Not surprisingly, China ’s growing role in Australia ’s prosperity is having important political ramifications. The clearest expression of this hitherto has been the election of Labour prime minister Kevin Rudd in 2007. A fluent Mandarin-speaker, well versed in Chinese culture and tradition, and possessed of excellent contacts in Beijing (having worked there for many years), he can be described as the first Chinese-orientated political leader to be elected in the West. Although Australia remains very closely aligned with the United States, its growing rapprochement with China seems likely to influence the nature of its relationship with Washington. [936] It is premature to suggest that Australia will at some point distance itself from the United States and in effect bandwagon with China in the manner, for example, of South Korea or Thailand, but it would not be surprising to find Australia becoming more sensitive about its relations with China and making these sensitivities known to the Americans. In that way Australia might become the Western voice of China. A key factor in this will be the course of Australian politics: Rudd’s predecessor as a Labour prime minister was Paul Keating, the first Australian premier to advocate the turn towards Asia, while his successor, the long-serving Liberal prime minister John Howard, could hardly have been more pro-American. In the much longer run, however, it is conceivable that Australia will move into China ’s orbit and become increasingly distant from the United States as the latter’s power and utility decline.

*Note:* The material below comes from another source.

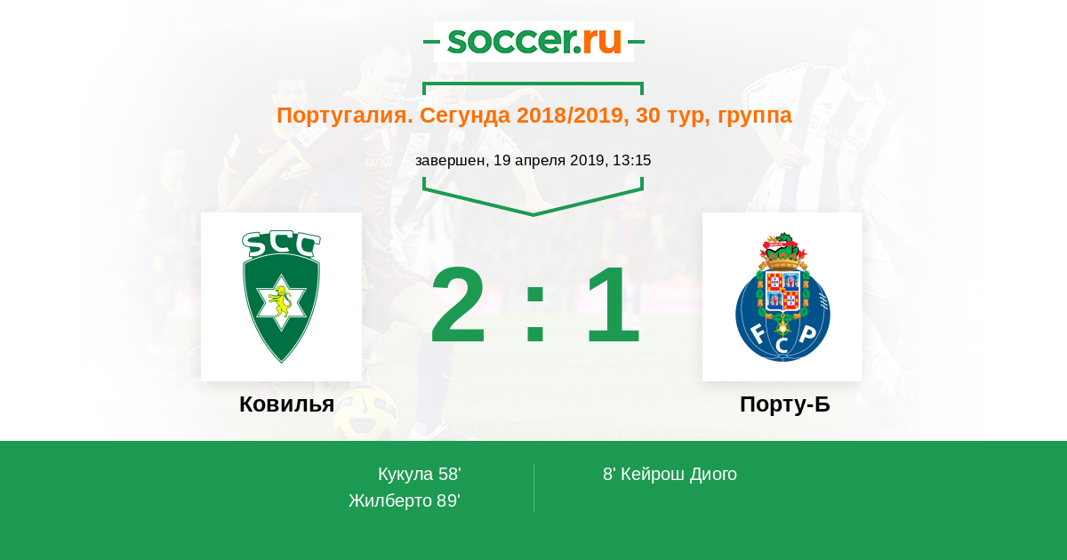 Протокол матча Ковилья против Порту-Б

In the light of the region’s realignment towards China, we can now return to the question of how East Asia’s relationship with China is likely to evolve and, in particular, to what extent it might bear some of the hallmarks of the tributary system. The tributary system and Westphalian system are often regarded as polar opposites and mutually exclusive, the former involving a hierarchical relationship, the latter based on relations of equality between sovereign nation-states. In fact, as mentioned in Chapter 7, the Westphalian system in practice has never been quite that simple. For most of its history it was largely confined to a group of European states, since until the second half of the twentieth century the great majority of countries in the world did not enjoy independence, let alone equality. [937] Even after these countries became sovereign nation-states, in the great majority of cases they were to enjoy nothing like equality with the United States or the West European nations, a situation which was exacerbated during the Cold War, when nation-states experienced what was, in practice, limited sovereignty in their relationship with the superpower to which they owed their allegiance. Life has not been that dissimilar in the era of the single superpower, with most countries enjoying varying degrees of limited sovereignty in their relationship with the United States. Given the profound inequalities in interstate relations, the concept of equality in the Westphalian system is thus legalistic rather than real. In practice, as with the tributary system, it has strong hierarchical features. [938] Like the tributary system, the Westphalian system also has an influential cultural component, namely the idea of hegemony or soft power. In other words, the distinction between the tributary and Westphalian systems is not quite as clear-cut as one might think. Seen in these terms, the restoration of elements of the tributary system in a modernized form does not seem so far-fetched. Some of the old building blocks, moreover, remain firmly in place. Chinese culture not only continues to enjoy great prestige throughout East Asia, but its influence is once again on the rise, helped by the presence of a much larger Chinese minority than existed in earlier times, especially in South-East Asia. Furthermore, in North-East Asia, and also Vietnam, Confucianism is a shared heritage in a not dissimilar way to the role of the Graeco-Roman tradition in Europe.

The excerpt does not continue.